Material to process:

---+---

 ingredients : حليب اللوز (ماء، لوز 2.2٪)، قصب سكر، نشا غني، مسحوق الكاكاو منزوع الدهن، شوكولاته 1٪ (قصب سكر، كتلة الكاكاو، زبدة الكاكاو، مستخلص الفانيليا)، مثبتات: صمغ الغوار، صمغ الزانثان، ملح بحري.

---+---

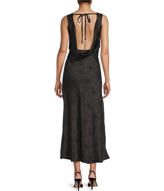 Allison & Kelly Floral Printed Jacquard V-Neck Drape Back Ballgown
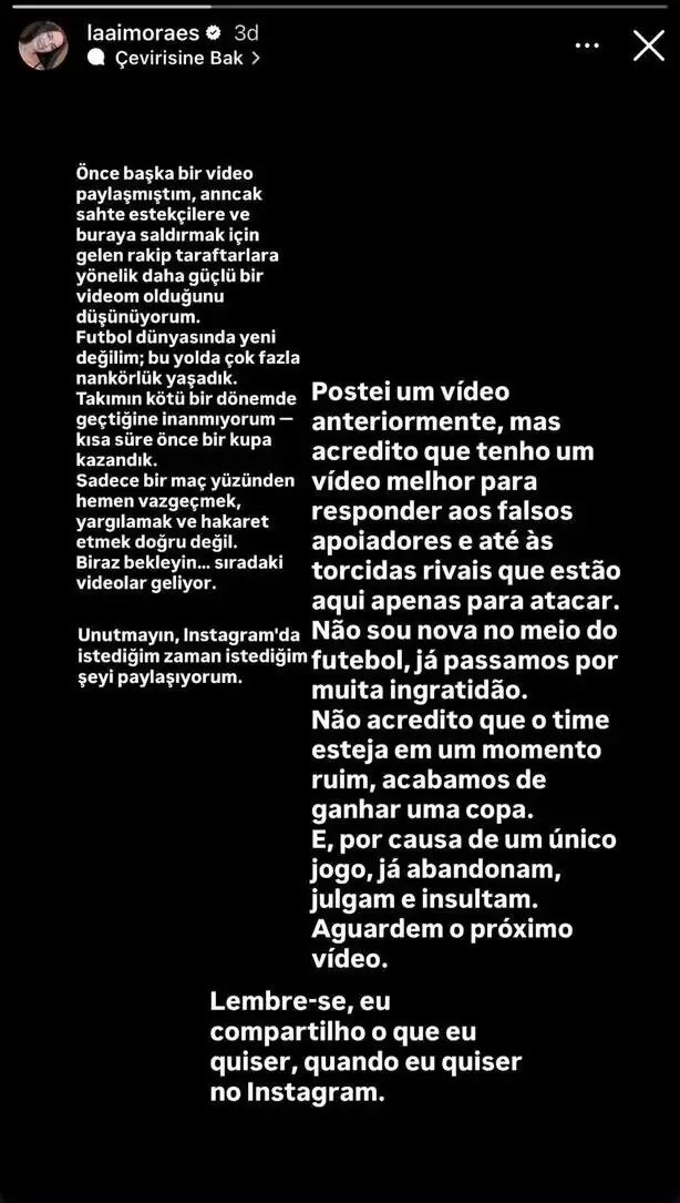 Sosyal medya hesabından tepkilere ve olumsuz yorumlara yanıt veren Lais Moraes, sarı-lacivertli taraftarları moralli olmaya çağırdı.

---+---

Aim of the task: Print the line above containing "Allison & Kelly", the line containing "Sosyal medya hesabından", and everything between them, exactly as written. Pictures stay out.

Task answer:
 Allison & Kelly Floral Printed Jacquard V-Neck Drape Back Ballgown
 Sosyal medya hesabından tepkilere ve olumsuz yorumlara yanıt veren Lais Moraes, sarı-lacivertli taraftarları moralli olmaya çağırdı.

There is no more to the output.